▶ _Task description_: A faithful copy of every record is needed here. Images must not appear in it.

▶ _Given records_:
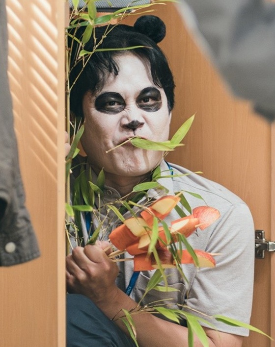 이 가운데 9일 김성균이 '푸바오'로 깜짝 변신한 스틸이 공개돼 이목을 집중시킨다. 극 중 푸바오 분장을 한 구대영이 경찰서 안 여기저기에서 범상치 않은 몰골로 출몰하는 상황. 구대영은 얼굴은 새하얗게, 눈 주변은 새까맣게 칠한 뒤 판다 귀를 형상화한 머리띠까지 장착, 완벽한 판다의 면모를 뽐낸다. 더욱이 캐비닛 안에 숨어 있던 구대영은 대나무 잎을 입에 문 채 사과 꼬치를 끌어안고, 밖으로 나와서는 대환장 행동을 선사해 모두의 경악을 이끈다. 과연 안방극장을 웃음바다로 만들 구대영의 '대환장 모먼트'는 어떤 이유로 탄생하게 된 것인지, 푸바오 변신과 관련한 속사정은 무엇인지 궁금증이 치솟는다.
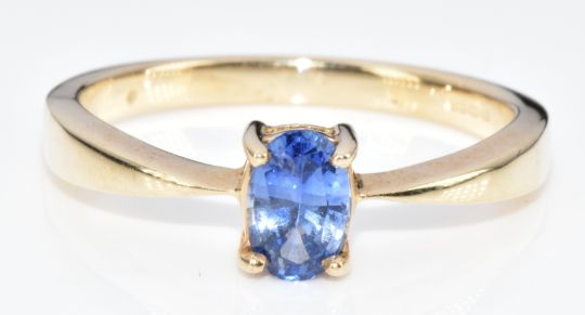 A 9ct gold ring set with an oval cut sapphire of approximately 0.45ct, 2.2g, size M
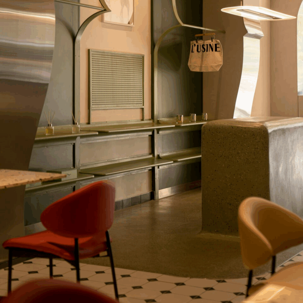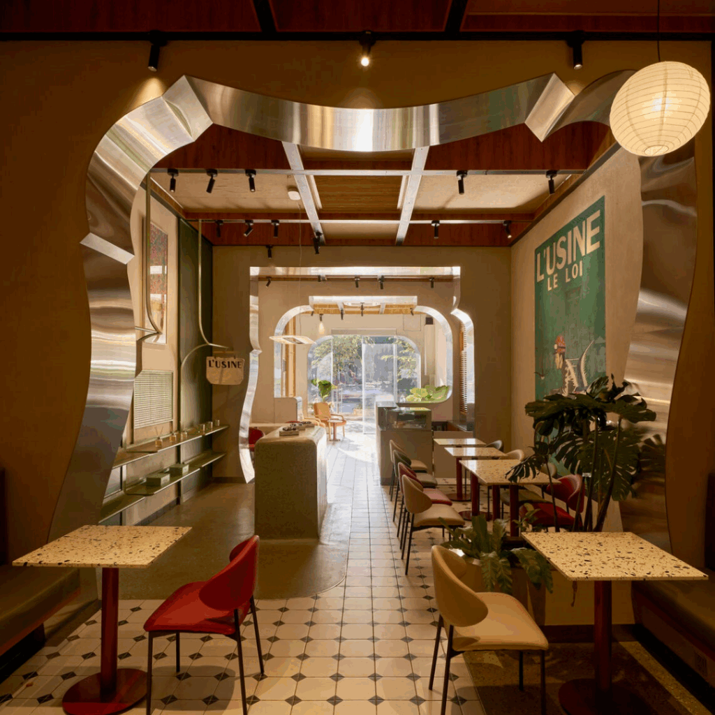 Além do café, o espaço transita suavemente para uma refinada área de varejo, onde os produtos exclusivos da L’Usine são expostos ao lado de peças artesanais de artesãos locais.
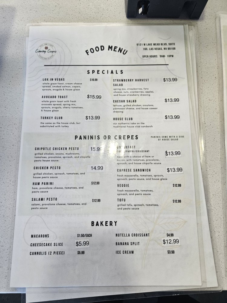 Introducing Craving Crepes, a delightful breakfast and brunch spot nestled in Las Vegas. Known for its warm atmosphere and charming decor, this eatery specializes in a diverse selection of crepes that cater to both sweet and savory cravings. Whether you're yearning for the indulgent Ferrero Crepe, bursting with hazelnut goodness, or the flavorful Chicken Pesto Crepe, each dish is crafted with care and freshness.
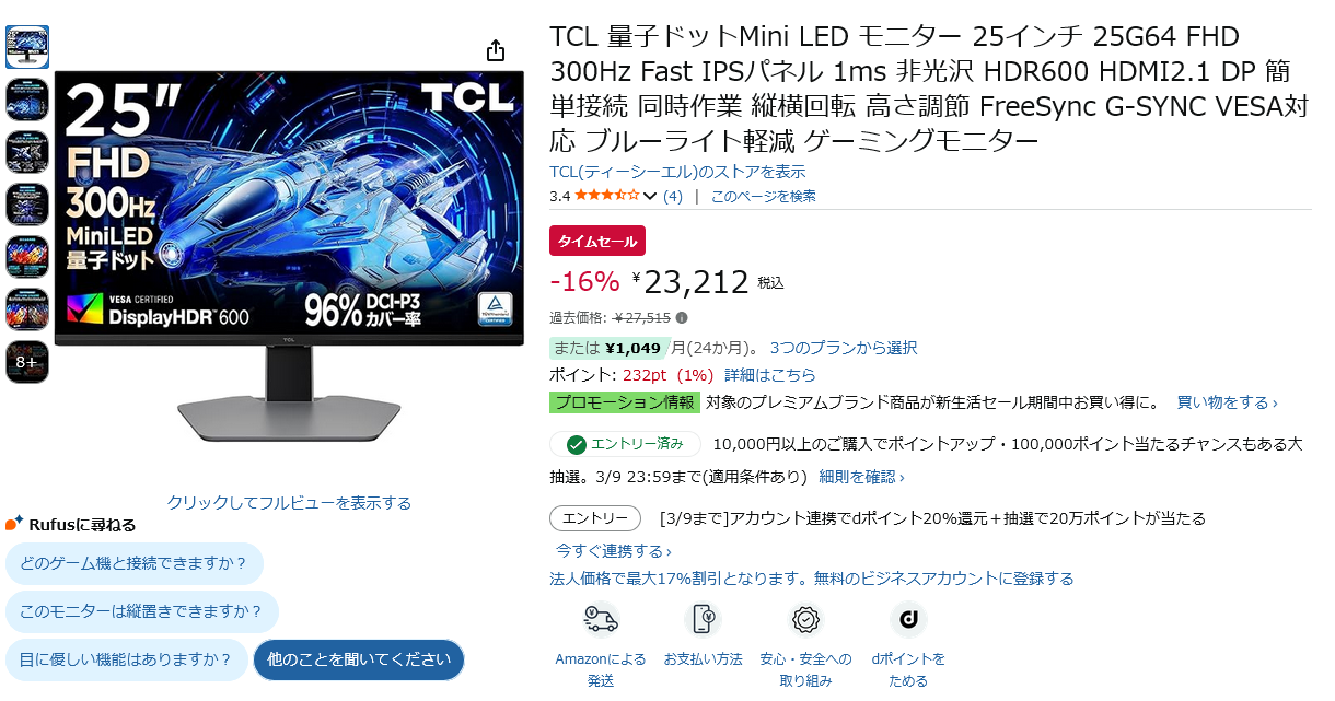 | … | 74無念Nameとしあき26/03/03(火)18:45:33No.1391363597+>TitanArmy 4K MiniLED 5.5万円 |
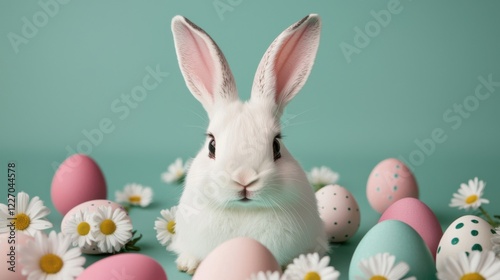© JCreative, Obraz premium Easter bunny day concept. Whimsical Easter Bunny in Pastel Meadow with Floral Decor
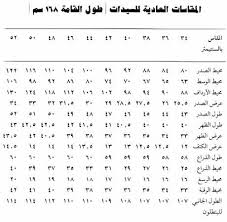 جداول المقاسات الأساسية للسيدات والأطفال والرجال حياتي
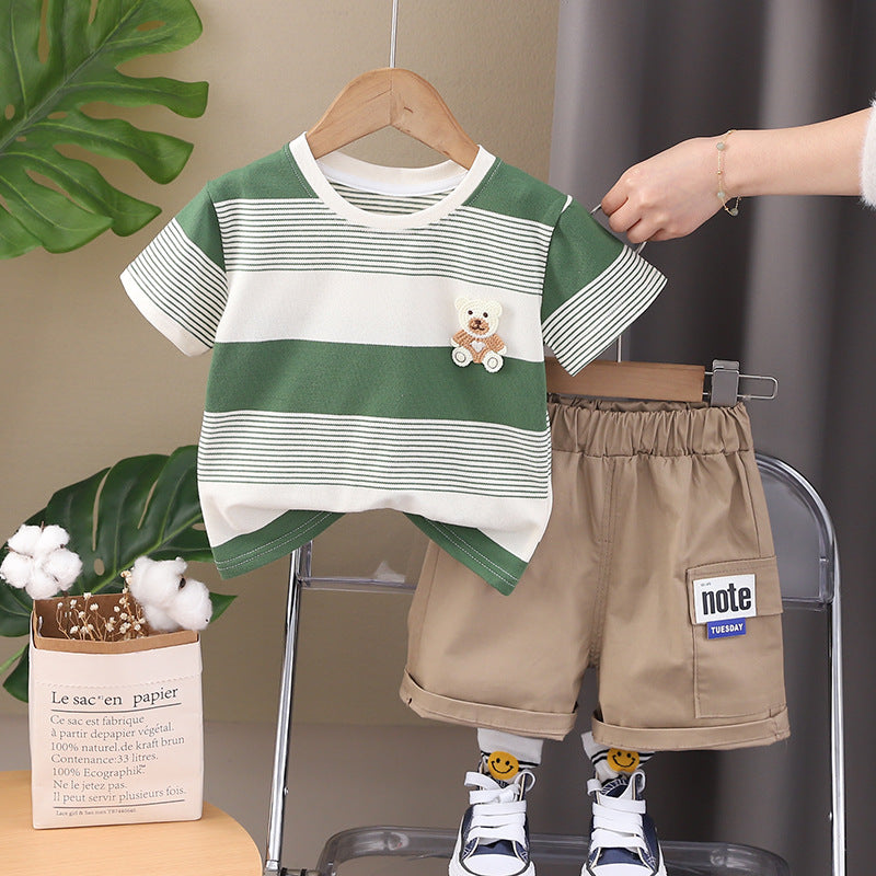 ✅الموديل: طقم رجالي للأطفال بخطوط الدب
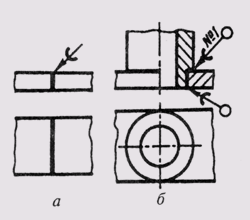 1 — вспомогательные знаки, О — шов по замкнутому контуру, | — монтажный шов;

▶ _Worked solution_:
 이 가운데 9일 김성균이 '푸바오'로 깜짝 변신한 스틸이 공개돼 이목을 집중시킨다. 극 중 푸바오 분장을 한 구대영이 경찰서 안 여기저기에서 범상치 않은 몰골로 출몰하는 상황. 구대영은 얼굴은 새하얗게, 눈 주변은 새까맣게 칠한 뒤 판다 귀를 형상화한 머리띠까지 장착, 완벽한 판다의 면모를 뽐낸다. 더욱이 캐비닛 안에 숨어 있던 구대영은 대나무 잎을 입에 문 채 사과 꼬치를 끌어안고, 밖으로 나와서는 대환장 행동을 선사해 모두의 경악을 이끈다. 과연 안방극장을 웃음바다로 만들 구대영의 '대환장 모먼트'는 어떤 이유로 탄생하게 된 것인지, 푸바오 변신과 관련한 속사정은 무엇인지 궁금증이 치솟는다.
 A 9ct gold ring set with an oval cut sapphire of approximately 0.45ct, 2.2g, size M
 Além do café, o espaço transita suavemente para uma refinada área de varejo, onde os produtos exclusivos da L’Usine são expostos ao lado de peças artesanais de artesãos locais.
 Introducing Craving Crepes, a delightful breakfast and brunch spot nestled in Las Vegas. Known for its warm atmosphere and charming decor, this eatery specializes in a diverse selection of crepes that cater to both sweet and savory cravings. Whether you're yearning for the indulgent Ferrero Crepe, bursting with hazelnut goodness, or the flavorful Chicken Pesto Crepe, each dish is crafted with care and freshness.
 | … | 74無念Nameとしあき26/03/03(火)18:45:33No.1391363597+>TitanArmy 4K MiniLED 5.5万円 |
© JCreative, Obraz premium Easter bunny day concept. Whimsical Easter Bunny in Pastel Meadow with Floral Decor
 جداول المقاسات الأساسية للسيدات والأطفال والرجال حياتي
 ✅الموديل: طقم رجالي للأطفال بخطوط الدب
 1 — вспомогательные знаки, О — шов по замкнутому контуру, | — монтажный шов;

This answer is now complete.